The separation in the ultrafiltration device is based on the initial dry resin content, i.e. high and low molecular weight polymers. The procedure is such that at least 5% by weight of the reamer fraction is separated into the permeate solution. preferable. Depending on the amount of substance separated in the permeate solution and the associated amount of water, A modification step of the UF-permeate can be included before recycling to the polymerization reactor. child If the amount of It can also be carried into polymerization. Otherwise, make sure there is not too much water left in the polymerization-separation system. This also avoids the accumulation of unacceptable amounts of undesirable products in the system. As such, it is appropriate to carry out the modification of the UF-permeate in accordance with the preferred embodiment of the present invention. According to Improved to remove at least part of. This improvement can be achieved by e.g. evaporation or This can be carried out by conventional reverse osmosis membrane filtration. Reverse osmosis process is relatively inexpensive is advantageous in that the thermal load on the polymeric substances in the UF-permeate is low.

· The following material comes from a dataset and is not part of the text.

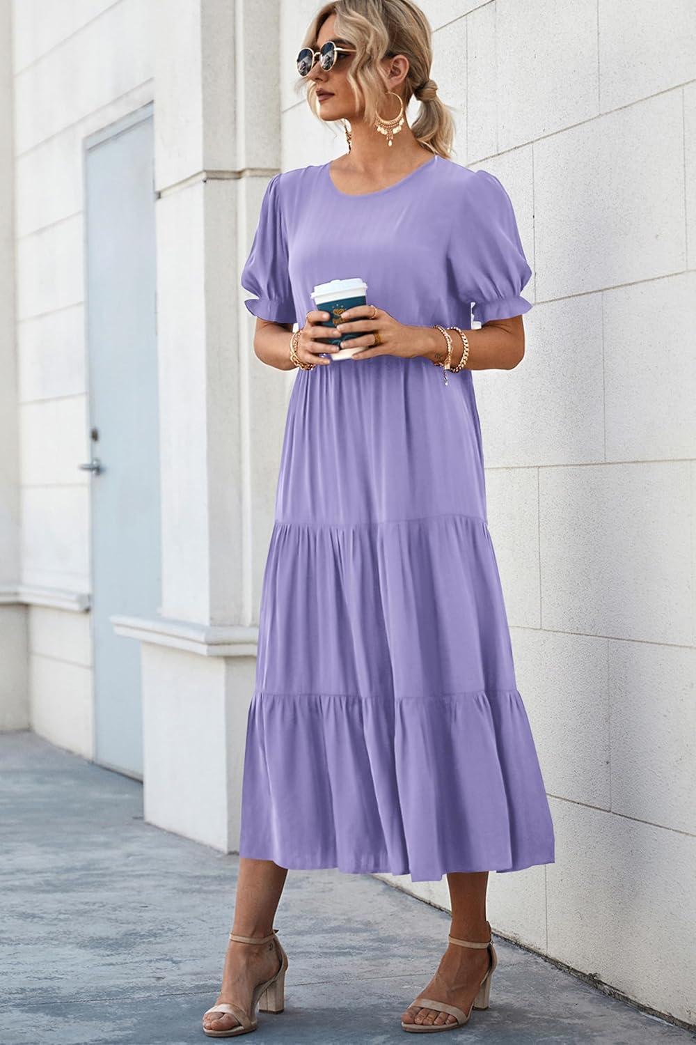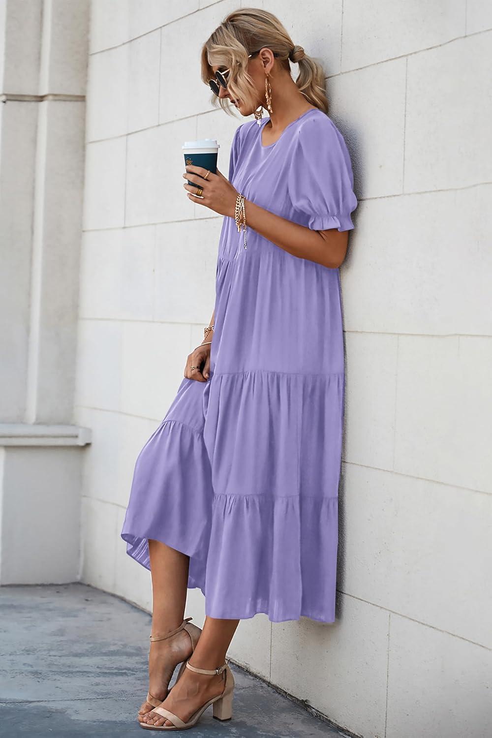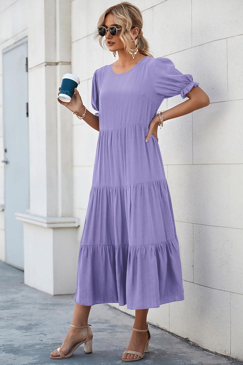 PRETTYGARDEN Summer Dresses for Women 2025 Casual Floral Boho Midi Sun Dress Puff Short Sleeve Flowy Beach Vacation Sundress(Solid Purple)

Therefore, it is preferable to carry out this improvement by reverse osmosis. The reverse osmosis process is This results in unreacted additives and by-products (e.g. formaldehyde). It is also advantageous in terms of separation. Concentrated UF obtained by reverse osmosis - permeate is resin used in the synthesis of fluorine and recycled for repolymerization, but passed through the membrane of a reverse osmosis device. The solution, reverse osmosis permeate, hereafter referred to as RO-permeate, is conveyed to a feed tank and its At least a portion can be used as a diluent during actual resin synthesis.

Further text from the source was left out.